• _WHAT THE EXERCISE ASKS_: An exact transcription of the listing, without its images, is what the answer must contain.
Segment Start: RAW DATA
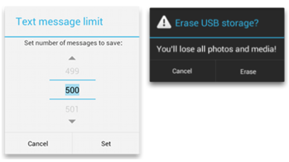방해하는 속성이 있기 때문에 이용자들은 하던 일을 멈추고 Dialog 처리를 해야 한다. 즉, 이용자가 다이얼로그를 처리하기 전까지는 아무것도 할 수 없으므로 다이얼로그 사용에 신중해야 한다.
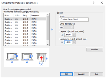 Sélectionnez l'option dans laquelle vous souhaitez enregistrer le format personnalisé dans « Liste Format papier personnalisé : ».
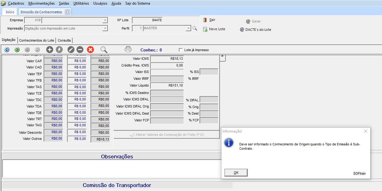 Para a cotação do Tipo de emissão SubContrato, o sistema exige o preenchimento do campo Nr. Chave Dacte, com o conhecimento de origem.
Segment End: RAW DATA
• _ANSWER FOR THIS EXERCISE_:
방해하는 속성이 있기 때문에 이용자들은 하던 일을 멈추고 Dialog 처리를 해야 한다. 즉, 이용자가 다이얼로그를 처리하기 전까지는 아무것도 할 수 없으므로 다이얼로그 사용에 신중해야 한다.
 Sélectionnez l'option dans laquelle vous souhaitez enregistrer le format personnalisé dans « Liste Format papier personnalisé : ».
 Para a cotação do Tipo de emissão SubContrato, o sistema exige o preenchimento do campo Nr. Chave Dacte, com o conhecimento de origem.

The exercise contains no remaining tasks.